No matter what chargers / loads are connected to a battery, it cannot see nor cause a battery to get out of balance.

The reason you have a negative voltage over one of the cell groups, is that the battery has been out of balance, this is -VERY- dangerous, a reversed polarity happens when that cell (group) is empty before the rest of the cells, and as a result get all the current that flows trough the pack while they're empty, and after they reach zero volt, it will be a negative voltage.

Note that this doesnt happen while charging but while discharging.
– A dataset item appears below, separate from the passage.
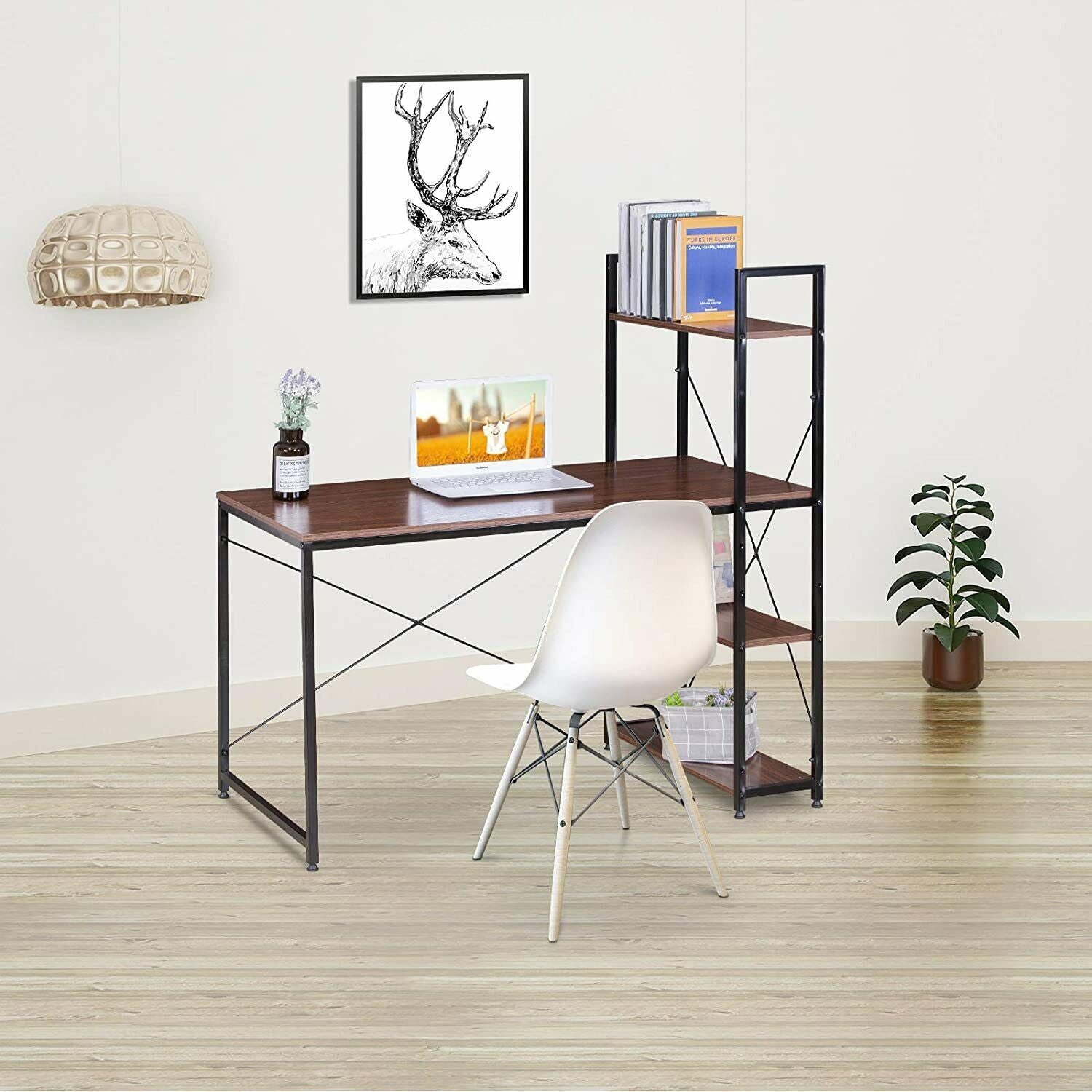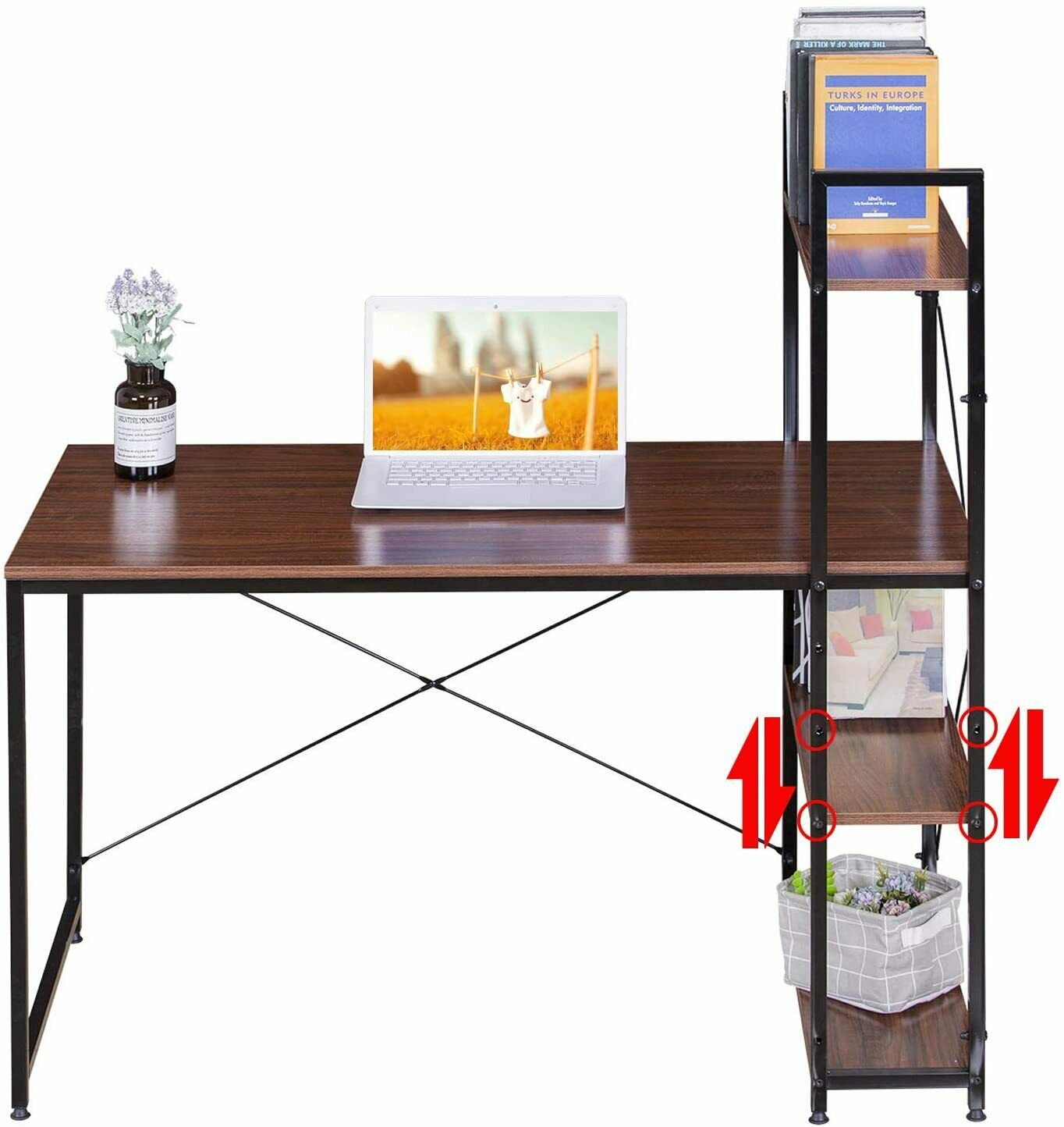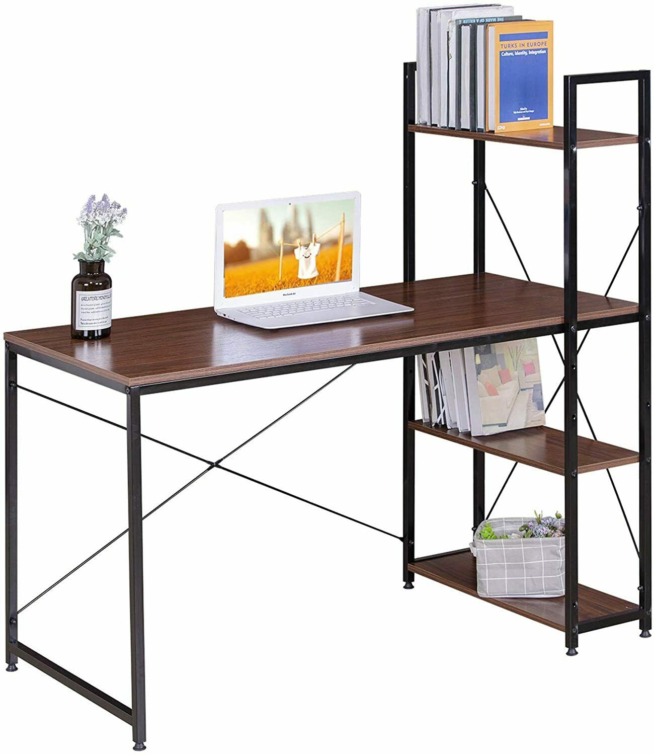 Scrivania con 4 Ripiani Tavolo da Lavoro per PC in Acciaio Legno Marrone

The other way: during charging, in a pack that is out of balance, the highest charged cells will reach potentially dangerous levels while the total voltage seems ok.


All this is the reason you -MUST- use a BMS. (Battery Management System)

The most important function of a BMS is preventing over and under voltage in a cell, after that: measuring temperature and balancing the cells (to get them all to the same voltage)

In your case a BMS wouldn't have gotten your modules back in balance, but at least it would have prevented the reversed polarity by shutting down the system when a cell reached a low voltage threshold.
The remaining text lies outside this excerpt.